The current ratio of new crop soybean to corn futures tops 2.49/1, above its long-term average, which could encourage more soybeans and less corn ground. But a shift of 3 million to 4 million acres is already baked into most projections, so the March 31 numbers may have to be a real shocker to move the market much.
Soybeans hold on
Despite potential for a big jump in seedings this spring, soybean prices have fared better than corn, rejecting an attempt last week to test the $12 level. Though USDA increased its forecast for 2023 crop ending stocks last week to 280 million bushels, Dec. 1 inventories of just under 3 billion bushels were down from the two previous marketing years.
The problem for soybeans after the WASDE is due to increased supply, thanks to better yields, which rose from 49.9 to 50.6 bushels per acre. The additional bushels flowed directly to the bottom line of USDA’s balance sheet, knocking 15 cents off USDA’s average price forecast for 2023-2024.
My own supply and demand model is a little more encouraging, projecting better exports but not as big crush compared to the WASDE.
Crush in the first quarter of the marketing year was up 3.3% from the previous year, a good start but less than the government’s 4% forecast. Crush margins are down sharply from the fall, lingering near the bottom of their range over the past five years, hardly an incentive for a biodiesel boom.
Watch South America and China
Export hopes hinge mostly on two factors: South American production and interest from China.
USDA raised prospects for Argentina and its cut to Brazil’s potential was less than some expected though a little more than the country’s Ag Ministry estimate.
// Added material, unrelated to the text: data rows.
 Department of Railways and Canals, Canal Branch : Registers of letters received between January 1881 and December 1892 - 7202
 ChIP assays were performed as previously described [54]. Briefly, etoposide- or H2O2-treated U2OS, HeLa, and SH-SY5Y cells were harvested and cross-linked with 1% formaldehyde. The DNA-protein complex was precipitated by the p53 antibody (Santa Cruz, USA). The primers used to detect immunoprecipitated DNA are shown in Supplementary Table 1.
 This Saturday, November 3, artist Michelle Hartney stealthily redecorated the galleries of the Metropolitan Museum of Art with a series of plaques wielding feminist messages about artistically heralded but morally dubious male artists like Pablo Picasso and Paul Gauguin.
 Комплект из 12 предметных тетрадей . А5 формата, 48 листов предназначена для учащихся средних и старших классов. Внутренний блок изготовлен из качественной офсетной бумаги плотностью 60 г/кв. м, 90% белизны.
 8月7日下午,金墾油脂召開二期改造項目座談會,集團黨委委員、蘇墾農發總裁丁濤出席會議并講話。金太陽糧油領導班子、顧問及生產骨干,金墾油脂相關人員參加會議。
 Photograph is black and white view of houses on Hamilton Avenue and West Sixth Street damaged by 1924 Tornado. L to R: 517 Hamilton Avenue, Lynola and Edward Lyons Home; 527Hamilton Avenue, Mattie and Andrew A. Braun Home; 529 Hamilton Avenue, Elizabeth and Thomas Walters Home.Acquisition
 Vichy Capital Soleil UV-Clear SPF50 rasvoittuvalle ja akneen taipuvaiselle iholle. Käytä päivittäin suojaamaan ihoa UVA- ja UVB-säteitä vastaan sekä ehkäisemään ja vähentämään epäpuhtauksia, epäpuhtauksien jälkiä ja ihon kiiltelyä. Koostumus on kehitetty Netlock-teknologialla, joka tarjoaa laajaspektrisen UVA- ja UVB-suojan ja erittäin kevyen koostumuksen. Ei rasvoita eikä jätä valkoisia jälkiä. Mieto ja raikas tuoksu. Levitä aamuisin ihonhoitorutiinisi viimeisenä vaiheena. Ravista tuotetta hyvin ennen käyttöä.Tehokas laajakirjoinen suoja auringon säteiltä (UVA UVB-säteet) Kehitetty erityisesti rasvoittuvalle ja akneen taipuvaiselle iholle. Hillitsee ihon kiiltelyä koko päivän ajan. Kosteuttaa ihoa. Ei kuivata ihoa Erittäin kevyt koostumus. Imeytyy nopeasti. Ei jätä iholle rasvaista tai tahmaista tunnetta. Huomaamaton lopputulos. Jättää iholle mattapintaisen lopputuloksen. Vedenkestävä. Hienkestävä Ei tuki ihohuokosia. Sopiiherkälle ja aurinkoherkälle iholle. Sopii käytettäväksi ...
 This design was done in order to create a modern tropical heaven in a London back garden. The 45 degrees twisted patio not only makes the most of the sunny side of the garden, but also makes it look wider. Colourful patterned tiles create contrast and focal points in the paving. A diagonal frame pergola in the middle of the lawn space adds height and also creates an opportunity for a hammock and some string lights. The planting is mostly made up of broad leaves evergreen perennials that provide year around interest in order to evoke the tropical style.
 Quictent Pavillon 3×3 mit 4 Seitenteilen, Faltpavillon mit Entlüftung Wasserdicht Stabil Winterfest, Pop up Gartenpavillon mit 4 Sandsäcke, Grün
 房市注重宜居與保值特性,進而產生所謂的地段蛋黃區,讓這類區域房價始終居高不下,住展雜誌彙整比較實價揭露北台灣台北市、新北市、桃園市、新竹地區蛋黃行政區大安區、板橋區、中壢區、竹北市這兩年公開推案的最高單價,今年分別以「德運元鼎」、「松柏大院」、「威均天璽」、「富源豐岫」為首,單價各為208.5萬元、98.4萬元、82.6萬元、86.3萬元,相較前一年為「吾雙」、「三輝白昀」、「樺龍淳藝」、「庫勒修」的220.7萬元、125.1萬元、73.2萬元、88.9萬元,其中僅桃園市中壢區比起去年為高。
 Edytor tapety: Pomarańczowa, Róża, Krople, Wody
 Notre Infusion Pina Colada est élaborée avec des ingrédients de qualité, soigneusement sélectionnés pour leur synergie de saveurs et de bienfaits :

Vegetation Health Indexes continue to point towards lower yields, despite December rains, as harvest begins to ramp up in the key center-west growing region.
USDA increased its forecast for total Chinese imports though U.S. commitments there so far are down 18% from the start of January 2023. China’s total soybean imports picked up in December, but the total for the first four months of the marketing year are only up 1%, less than the 2.2% USDA expects. A struggling economy and ongoing trade tensions continue to threaten U.S. soybean prospects, leaving the market adrift.
So, while markets aren’t quite singing “Brother, Can You Spare A Dime?” their tune is hardly “Happy Days Are Here Again.”